(Data items)
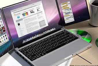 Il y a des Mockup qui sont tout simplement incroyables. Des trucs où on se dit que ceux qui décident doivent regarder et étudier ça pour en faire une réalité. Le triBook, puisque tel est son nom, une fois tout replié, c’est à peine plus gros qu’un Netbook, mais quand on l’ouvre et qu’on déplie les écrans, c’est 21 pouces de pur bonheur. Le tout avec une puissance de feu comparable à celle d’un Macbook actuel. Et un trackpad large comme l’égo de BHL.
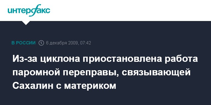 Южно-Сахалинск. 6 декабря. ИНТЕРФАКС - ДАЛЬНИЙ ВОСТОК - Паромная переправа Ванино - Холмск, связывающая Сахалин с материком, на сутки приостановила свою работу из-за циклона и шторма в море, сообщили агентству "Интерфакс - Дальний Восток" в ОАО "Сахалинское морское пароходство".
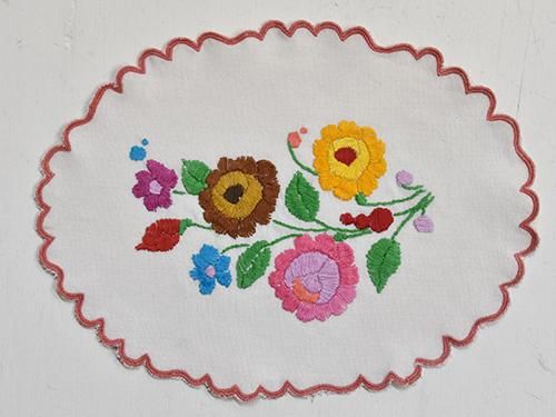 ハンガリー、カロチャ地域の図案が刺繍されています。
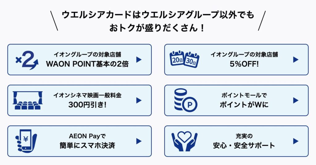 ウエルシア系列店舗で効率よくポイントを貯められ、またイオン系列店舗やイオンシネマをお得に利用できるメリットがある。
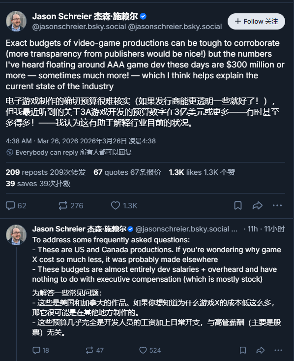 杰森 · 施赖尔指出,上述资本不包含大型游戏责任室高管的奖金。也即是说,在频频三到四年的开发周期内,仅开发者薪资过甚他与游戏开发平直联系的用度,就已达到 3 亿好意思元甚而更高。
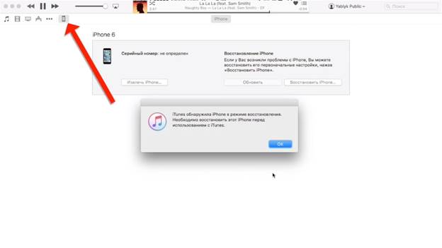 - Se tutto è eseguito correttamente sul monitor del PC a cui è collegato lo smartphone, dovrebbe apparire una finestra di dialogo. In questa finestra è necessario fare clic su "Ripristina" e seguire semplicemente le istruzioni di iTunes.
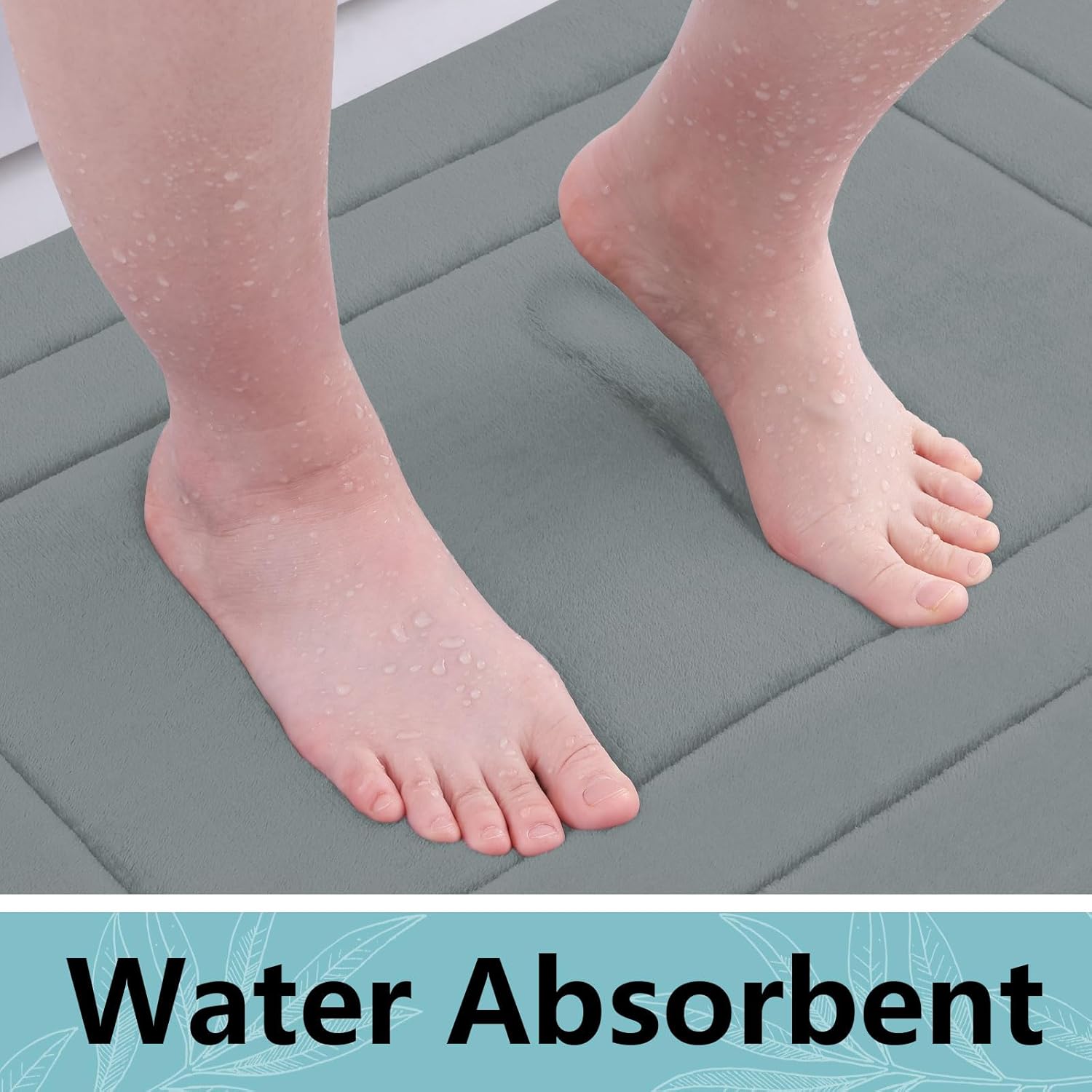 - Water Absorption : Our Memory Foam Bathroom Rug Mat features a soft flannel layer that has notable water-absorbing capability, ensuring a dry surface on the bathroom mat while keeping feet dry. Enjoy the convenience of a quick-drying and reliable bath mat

Problem to work on. Copy the records above exactly. Do not carry any picture into the copy.

Final answer.
 Il y a des Mockup qui sont tout simplement incroyables. Des trucs où on se dit que ceux qui décident doivent regarder et étudier ça pour en faire une réalité. Le triBook, puisque tel est son nom, une fois tout replié, c’est à peine plus gros qu’un Netbook, mais quand on l’ouvre et qu’on déplie les écrans, c’est 21 pouces de pur bonheur. Le tout avec une puissance de feu comparable à celle d’un Macbook actuel. Et un trackpad large comme l’égo de BHL.
 Южно-Сахалинск. 6 декабря. ИНТЕРФАКС - ДАЛЬНИЙ ВОСТОК - Паромная переправа Ванино - Холмск, связывающая Сахалин с материком, на сутки приостановила свою работу из-за циклона и шторма в море, сообщили агентству "Интерфакс - Дальний Восток" в ОАО "Сахалинское морское пароходство".
 ハンガリー、カロチャ地域の図案が刺繍されています。
 ウエルシア系列店舗で効率よくポイントを貯められ、またイオン系列店舗やイオンシネマをお得に利用できるメリットがある。
 杰森 · 施赖尔指出,上述资本不包含大型游戏责任室高管的奖金。也即是说,在频频三到四年的开发周期内,仅开发者薪资过甚他与游戏开发平直联系的用度,就已达到 3 亿好意思元甚而更高。
 - Se tutto è eseguito correttamente sul monitor del PC a cui è collegato lo smartphone, dovrebbe apparire una finestra di dialogo. In questa finestra è necessario fare clic su "Ripristina" e seguire semplicemente le istruzioni di iTunes.
 - Water Absorption : Our Memory Foam Bathroom Rug Mat features a soft flannel layer that has notable water-absorbing capability, ensuring a dry surface on the bathroom mat while keeping feet dry. Enjoy the convenience of a quick-drying and reliable bath mat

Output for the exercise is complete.